The narrow fronted, free standing homes in Piggot St remind me of the workers cottages I saw in Five Dock. One of the houses is called Mandalay. I wonder how many other houses have this name? I am pretty sure I’ve seen more than one on my regular walks.
Dulwich Hill Residents
A thin old man with a weathered complexion walks past me and then a woman shuffles past pushing a walker. Both avoid eye contact when I try to greet them. Perhaps my camera is threatening or maybe they are just wary of strangers.
Hoskins Park is a little park with a small play area. A mother sits on the swing with her young daughter. Another older man with a straw hat and walking stick greets me and comments on the “nice day’. Already I have seen more elderly people out and about than in any other suburb I have explored. Does Dulwich Hill have a large concentration of older folk?
Waratah Flour Mill
As I read about the Waratah Flour Mill, built in 1914 alongside the freight railway line, the light rail rumbles beneath me. Phew…. it is working on this end of the track and I now understand why the nearby light rail stop is called Waratah Mills.
The Mill conversion into residential apartments was sympathetic to the heritage of the building and won several awards.
Surprisingly, a sign points to the Greenway and Cooks River. Surprising because this section of the Greenway pedestrian/cycle track is yet to be completed. It turns out to be only a very short paved path to Johnson Park. For now, cyclists follow a road route.
The park is well-maintained with shade cloth, cricket nets, basketball court and exercise equipment. Bandicoots nest around here and people are encouraged to control their dogs. Nearby on Arlington reserve young people practice football (the round ball kind).
The Sideways Deli Café seems like a good place for a break. It is busy with mums, older folk meeting up and a couple of business types. The man behind me keeps interrupting his conversation to answer his phone. Phone call over, he resumes his loud conversation with “of all the toys I’ve got – catamaran, jet ski, motorbike whatever…whenever I get on my racer I relax”. I wonder if his toys make him happy.
New Canterbury Road
The walk to New Canterbury Road takes me past more Federation and other style homes. On the corner of New Canterbury Road, Hands Building (1912) looks rather sad. Grimy with peeling paint work, the convenience store below is dark and dingy with posters plastered on the windows.
A Chocolate factory shop, Candlelight Confectionery, draws my attention and I make a detour to peer in the window. If it wasn’t so hot, I would buy something to take home but today any chocolate would end up a melted mess.

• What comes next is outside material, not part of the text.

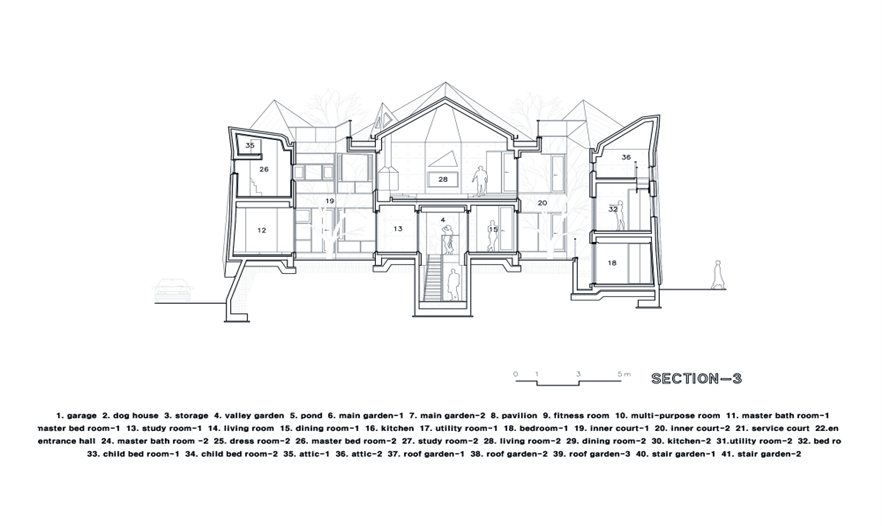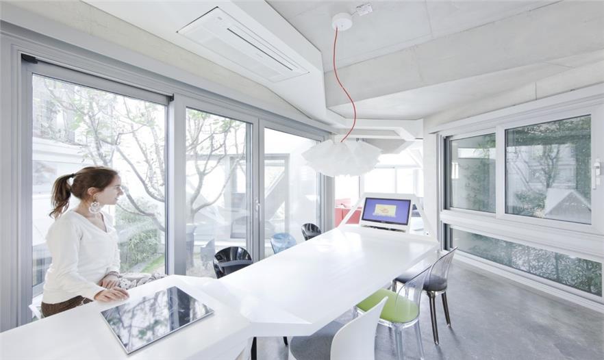 這有多樣的水平花園、前院花園、內(nèi)院花園、階梯花園、瀑布花園、屋頂花園,而且所有的垂直花園彼此之間相通相連。這樣,該事務(wù)所就掩蓋了這座房屋所有的內(nèi)部空間。

Gallery 448, a showcase for urban art is not yet open. The exhibitions here are different and interesting and I briefly consider waiting the half hour or so until it opens but decide to press on and return another day.
The blue and white artwork on the side wall of a house catches my eye. It doesn’t do anything for the pretty cottage. Over the road women in headscarfs leave the Greek orthodox church with its small blue dome. This and other nearby churches could be demolished for new developments. Behind me I hear a man call out “take care” as he returns to his car having delivered a “Meal on Wheels”.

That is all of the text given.